## THE DATA
◇ ◇ ◇ ◇ ◇ ◇ ◇
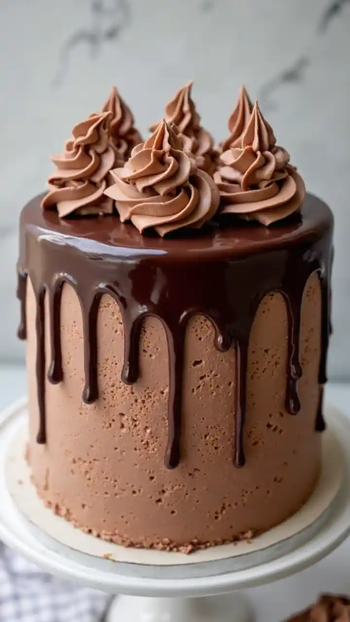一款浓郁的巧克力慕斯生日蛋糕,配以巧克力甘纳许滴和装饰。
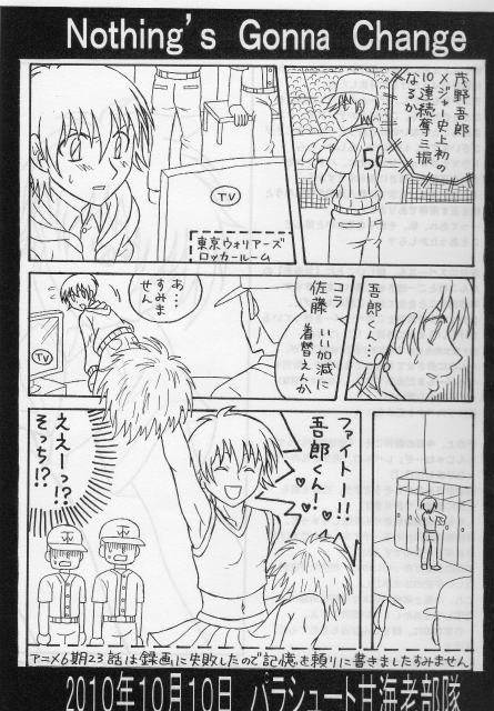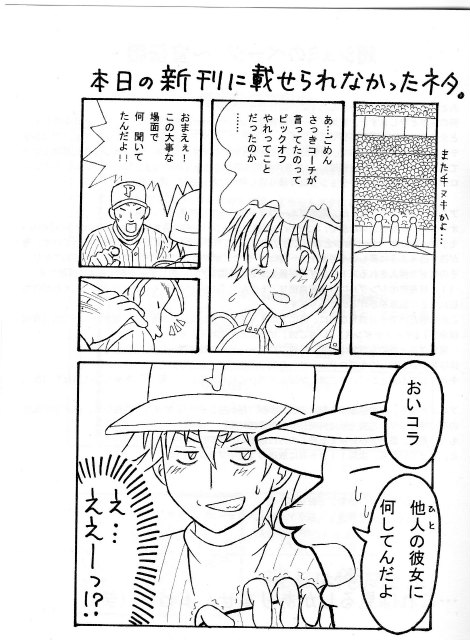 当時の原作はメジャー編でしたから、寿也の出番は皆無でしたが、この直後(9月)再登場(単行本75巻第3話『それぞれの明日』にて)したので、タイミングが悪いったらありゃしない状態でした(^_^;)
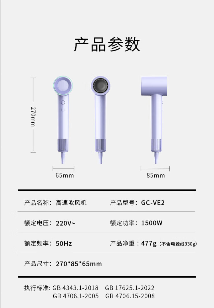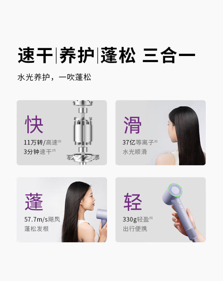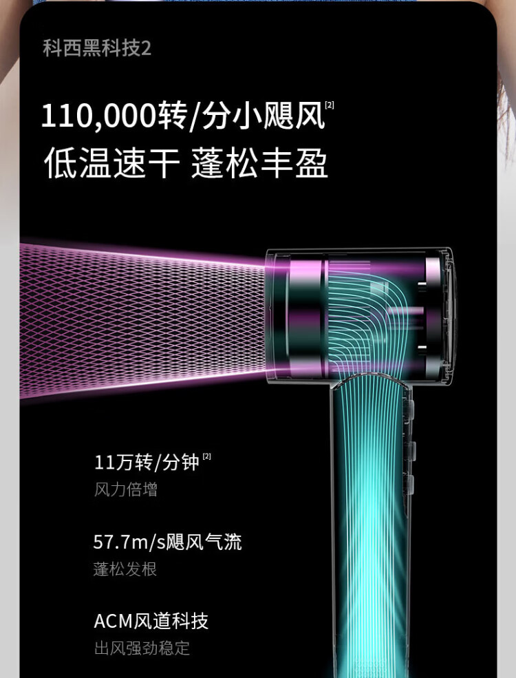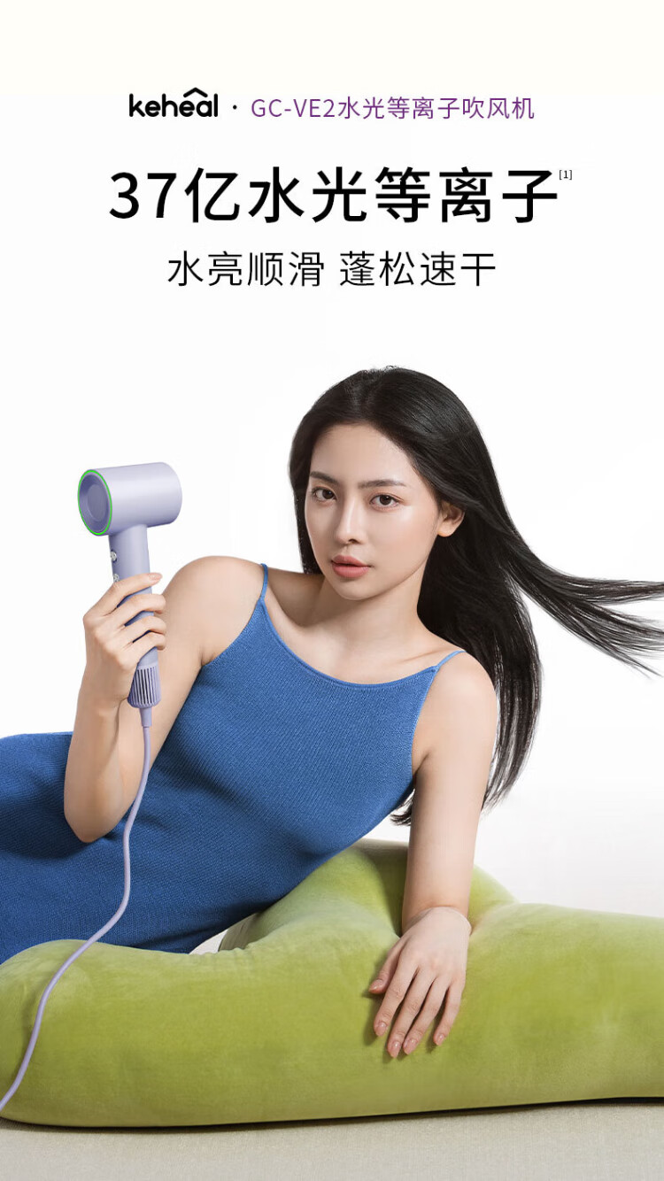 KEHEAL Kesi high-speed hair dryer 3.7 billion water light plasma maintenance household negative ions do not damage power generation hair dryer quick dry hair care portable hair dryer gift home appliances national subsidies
◇ ◇ ◇ ◇ ◇ ◇ ◇
## WHAT YOU ARE ASKED TO DO
In your copy of the listing above, every line must match exactly and no picture may appear.

## SOLUTION TO THIS EXERCISE
一款浓郁的巧克力慕斯生日蛋糕,配以巧克力甘纳许滴和装饰。
 当時の原作はメジャー編でしたから、寿也の出番は皆無でしたが、この直後(9月)再登場(単行本75巻第3話『それぞれの明日』にて)したので、タイミングが悪いったらありゃしない状態でした(^_^;)
 KEHEAL Kesi high-speed hair dryer 3.7 billion water light plasma maintenance household negative ions do not damage power generation hair dryer quick dry hair care portable hair dryer gift home appliances national subsidies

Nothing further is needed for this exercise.